Vor allem der kräftige Anstieg der Gas- und Ölpreise infolge der
Einschränkung des Schiffsverkehrs durch die Straße von Hormus birgt
Risiken für die Weltwirtschaft. Der Seeweg ist ein Nadelöhr des
weltweiten Rohstoffhandels. Allerdings hatten sich die Angriffe der
USA und Israels auf den Iran schon abgezeichnet, Panik an den
Finanzmärkten gab es am Montag nicht.
Der europäische Gaspreis schnellte im Handelsverlauf um rund 50
Prozent in die Höhe und erreichte den höchsten Stand seit gut einem
Jahr. Zuletzt hatte ein Produktionsstillstand für Flüssiggas in
Katar den Preis noch einmal deutlich in die Höhe schnellen lassen.
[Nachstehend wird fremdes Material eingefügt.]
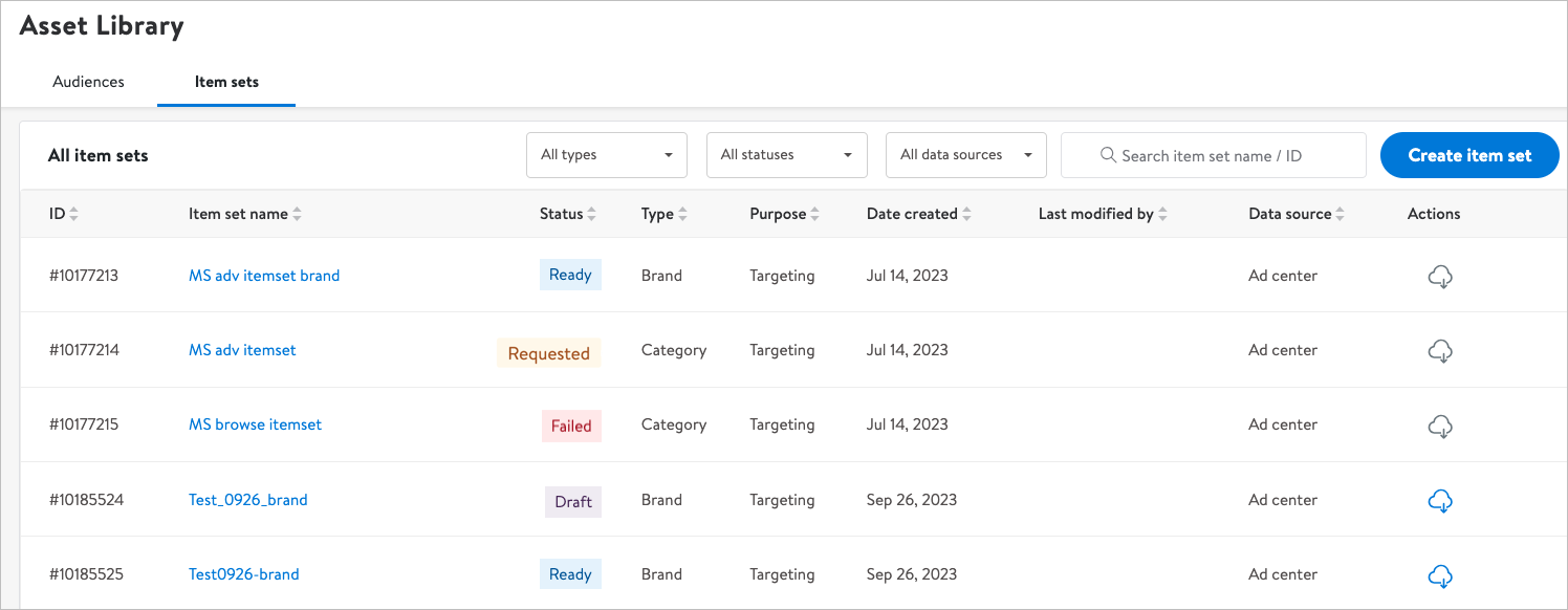 后续可回到“Item sets”板块查看创建状态,显示为“Ready”时可以投入使用,“Requested”表示商品集正在生成,“Failed”表示请求的商品数量不足或者出现其他问题,需要重新构建。

Am Ölmarkt waren in der Nacht zum Montag die Notierungen für
Brent-Öl aus der Nordsee und Rohöl aus den USA in den ersten
Handelsminuten ebenfalls stark gestiegen. Brent erreichte in der
Spitze den höchsten Stand seit Juli 2024 und US-Öl den höchsten
Stand seit Juni 2025. Die Preise kamen danach aber etwas zurück. Für
Brent mussten zuletzt 79,27 Dollar je Barrel (159 Liter) gezahlt
werden, für US-Öl 72,21 Dollar. Das waren rund acht beziehungsweise
sieben Prozent mehr als vor dem Wochenende.
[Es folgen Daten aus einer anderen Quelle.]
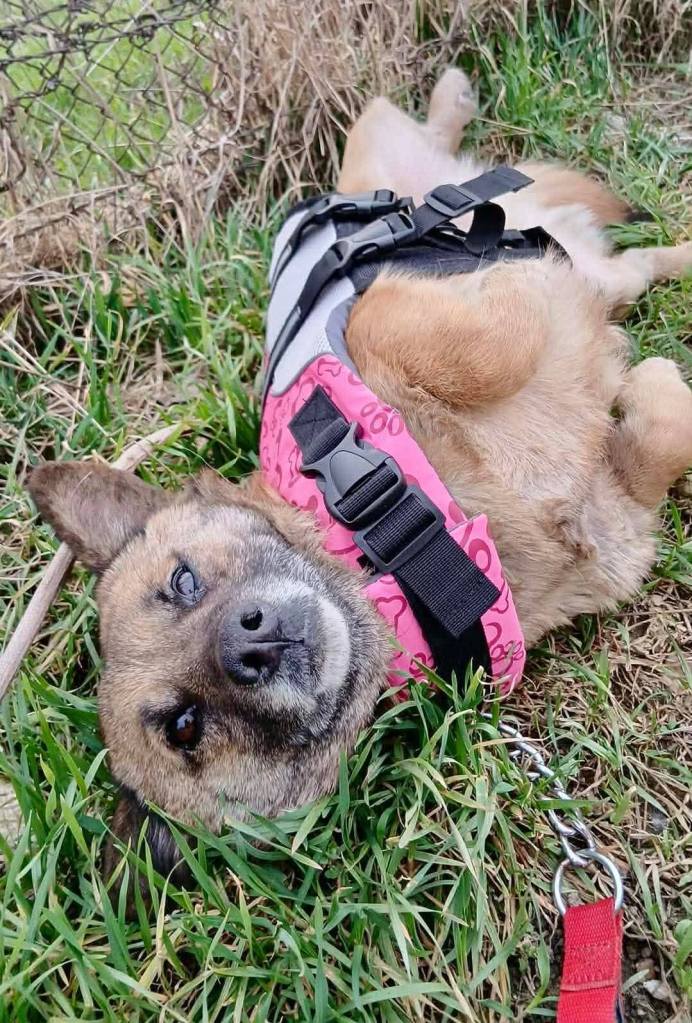 A sad story of where Timmy’s sister sat by their dead mother. Flora was rescued and some time later Timmy appeared in the same spot. It’s in the middle of nowhere so he was lucky to have been seen. He is 5 months old and really friendly. He had a little practice on a lead and was very excited. A sweet little boy. We think he will be a small medium when mature.

Jetzt kommt es vor allem darauf an, ob der Konflikt länger dauert
oder zügig beendet wird. "Bleibt es bei einem kürzeren Konflikt,
werden die wirtschaftlichen Folgen jedenfalls begrenzt bleiben",
erklärt der Chefvolkswirt der VP Bank, Thomas Gitzel. Auch Analyst
Michael Hsueh von Deutsche Bank Research verweist als entscheidend
auf die Dauer des Konflikts und ob und in welchem Umfang die Straße
von Hormus wieder befahrbar wird. Höhere Ölpreise, ein zunehmender
Druck auf US-Präsident Donald Trump in der Heimat sowie die
Priorität der Golfstaaten, ihre wirtschaftliche Stabilität zu
sichern, seien einige der Schlüsselelemente mit Blick auf eine
mögliche Deeskalation.
Hsueh machte in einer Analyse drei wesentliche Szenarien auf. Sollte
die wichtige Ölhandelsroute nach zwei Wochen durch den Iran wieder
freigegeben werden und iranische Ölexporte durch Schäden am
Logistik-Hub auf der Insel Kharg nicht mehr eingeschränkt sein oder
Reparaturen rasch vorankommen und die USA Exporte erlauben, würde
der Brent-Preis nach einem Anstieg bis auf 80 Dollar wohl wieder auf
70 Dollar fallen. Sollten zumindest einige Schiffe das Nadelöhr noch
passieren, rechnet der Deutsche-Bank-Experte mit einem Preis von 80
bis 100 Dollar. Im Falle einer kompletten Schließung des Seewegs -
etwa durch Minen des Iran und andere Maßnahmen - würde der Preis
wohl in Richtung 200 Dollar steigen.
Da höhere Ölpreise die Wirtschaftsleistung drücken, verzeichnen die
Aktienmärkte überwiegend Verlusten. Berechnungen der Europäischen
Zentralbank zeigten, dass ein Ölpreisanstieg um zehn Prozent
mittelfristig das Potenzialwachstum um 0,2 Prozent drücke, schrieb
VP-Bank-Experte Gitzel. Zu einem ähnlichen Ergebnis kämen
Berechnungen von Oxford Economics für die US-Wirtschaft. Das
Potenzialwachstum ist ein Maß für das Wachstum der Wirtschaft bei
normaler Auslastung.
In Kombination mit dem anziehendem Erdgaspreis und den insgesamt
höheren Energiepreisen stelle sich erneut die Frage, ob die Preise
insgesamt wieder stark steigen, schrieb Kapitalmarktanalyst
Salah-Eddine Bouhmidi vom Handelshaus IG Markets. Höhere
Energiepreise wirkten direkt auf Verbraucherpreise,
Produktionskosten und Inflationserwartungen. Die kommenden Tage
könnten daher nicht nur für Energiemärkte entscheidend werden -
sondern auch für die geldpolitische Perspektive weltweit.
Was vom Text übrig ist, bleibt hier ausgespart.